Kae tries to check on Natsuki at his home, but can only shout at his window. ‘Let me in, idiot, your mom called.’ No answer. Inside, Natsuki pulls the last strands off his face with shaking hands.
The surface curls away, slow as unraveling old tape. What’s beneath needs air, but not the old Natsuki air. Basement light screams down on outlines shifting—not quite bones, but sharp. He stands there, bare and new and wrong.
Natsuki fumbles for his phone, tries to text Kaede.

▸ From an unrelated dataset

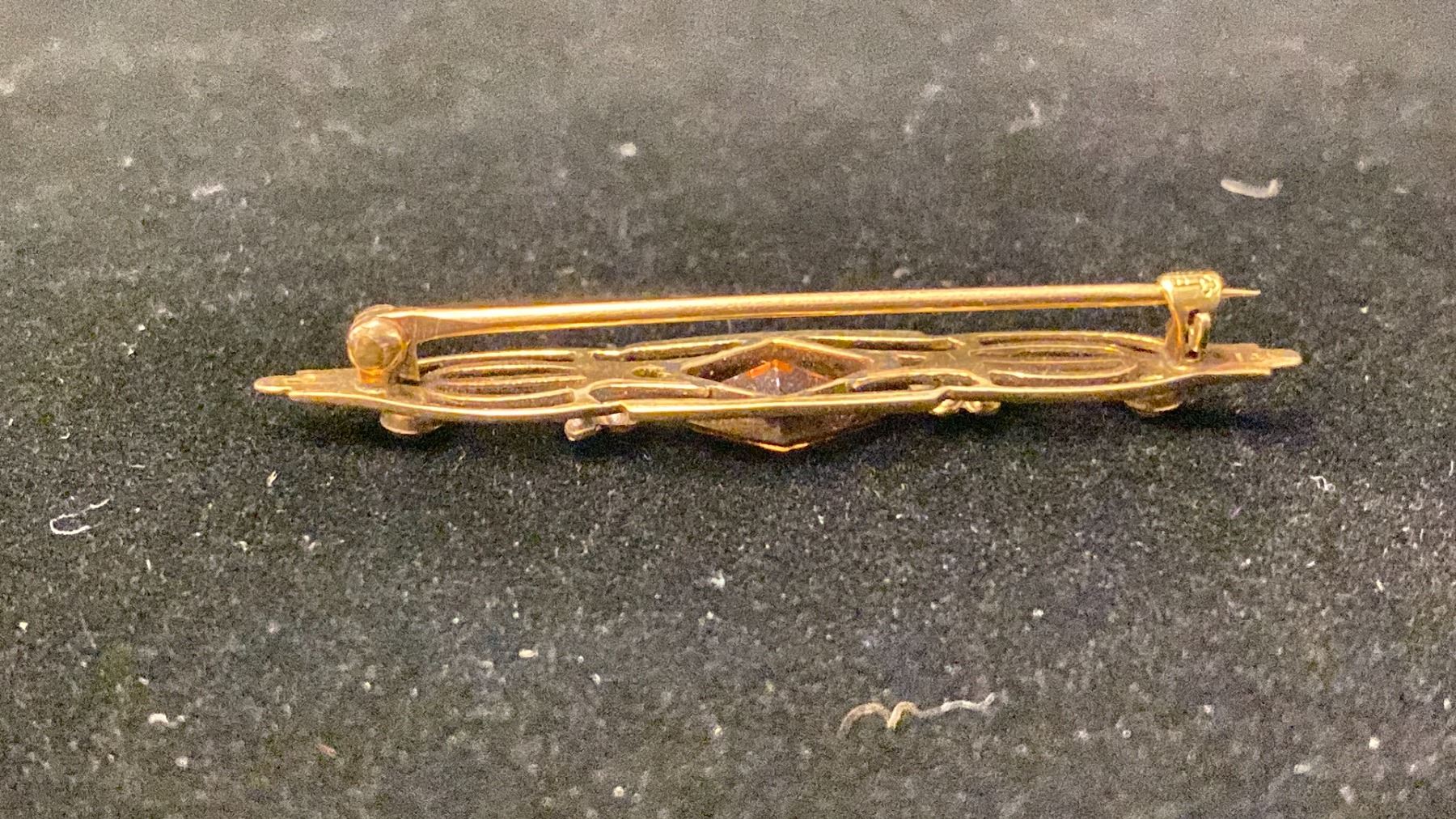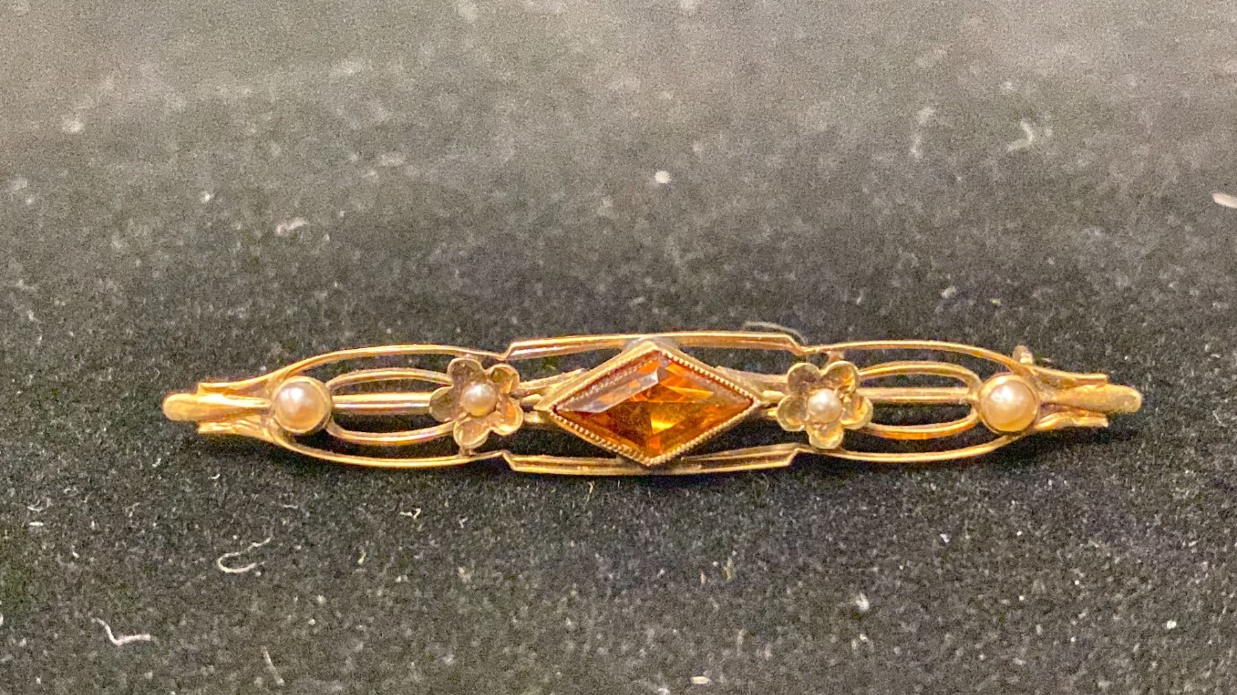 APPROX 14K BROOCH SET WITH YELLOW STONE & PEARLS (3.2G)

Only one word makes it through—’different.’
That evening the school bathrooms clog as more students find purple threads pushing from split arms and backs. Rei cowers in the nurse office, cough spasming till his ribs press strange. Kaede watches from the door, frozen. She can’t tell—does she pity him or fear what’s to come?
Kaede stands in Natsuki’s hallway, torn between running and waiting. ‘What did you do to yourself?’ she whispers. Whatever Natsuki answers is half breath, half growl: ‘It’s not just me. It’s all of us.’ The words don’t fit his old mouth.
The final shot lingers in the school gym, where faceless new forms gather under the big lights, eye-holes and fractures gleaming. The hiss of skin on linoleum echoes as something takes shape mid-court. Kaede opens her own hand and sees new lines crawl and lift just under the skin. Has change ever felt so sure?
What waits, really, when you peel off what you’ve known? Will Kaede walk through that door, or turn from what waits on the other side? Would you?